**What the exercise asks:**
For this item, repeat the material exactly while omitting its pictures.

[Data shown — start]

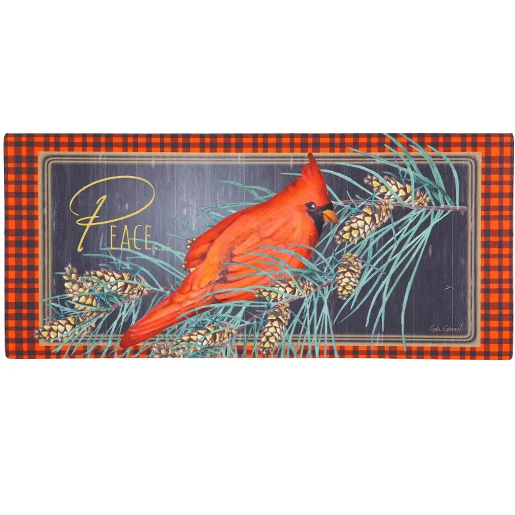 Welcome everyone to the home with this Sassafras switch mat. It features a beautiful cardinal sitting on a branch with pinecones. A red plaid border and sweet "Peace" message add the final touches to this mat.
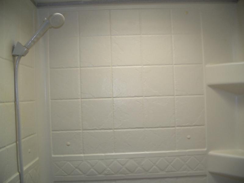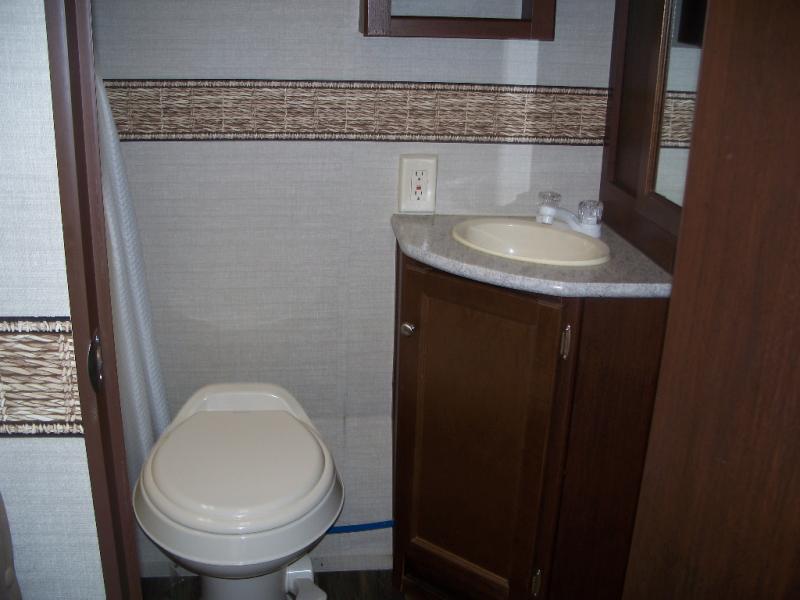 In the rear of the trailer you will find a full bath including a tub/shower, corner sink, toilet, and a wardrobe/linen cabinet.
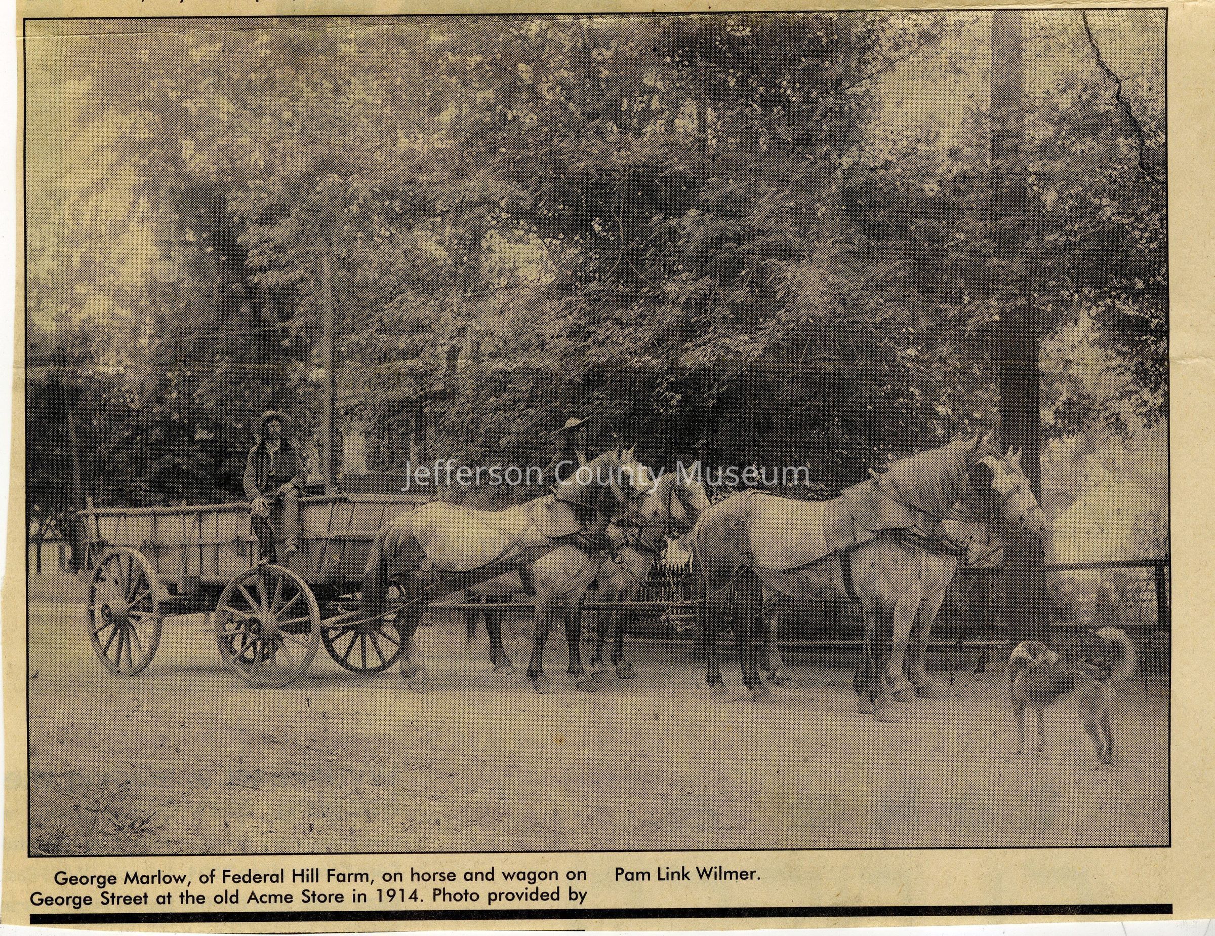 IMG3908029: George Marlow, of Federal Hill Farm, on horse and wagon on George Street at the Acme Store, 1914.

[Data shown — finish]

**Exercise answer:**
 Welcome everyone to the home with this Sassafras switch mat. It features a beautiful cardinal sitting on a branch with pinecones. A red plaid border and sweet "Peace" message add the final touches to this mat.
 In the rear of the trailer you will find a full bath including a tub/shower, corner sink, toilet, and a wardrobe/linen cabinet.
 IMG3908029: George Marlow, of Federal Hill Farm, on horse and wagon on George Street at the Acme Store, 1914.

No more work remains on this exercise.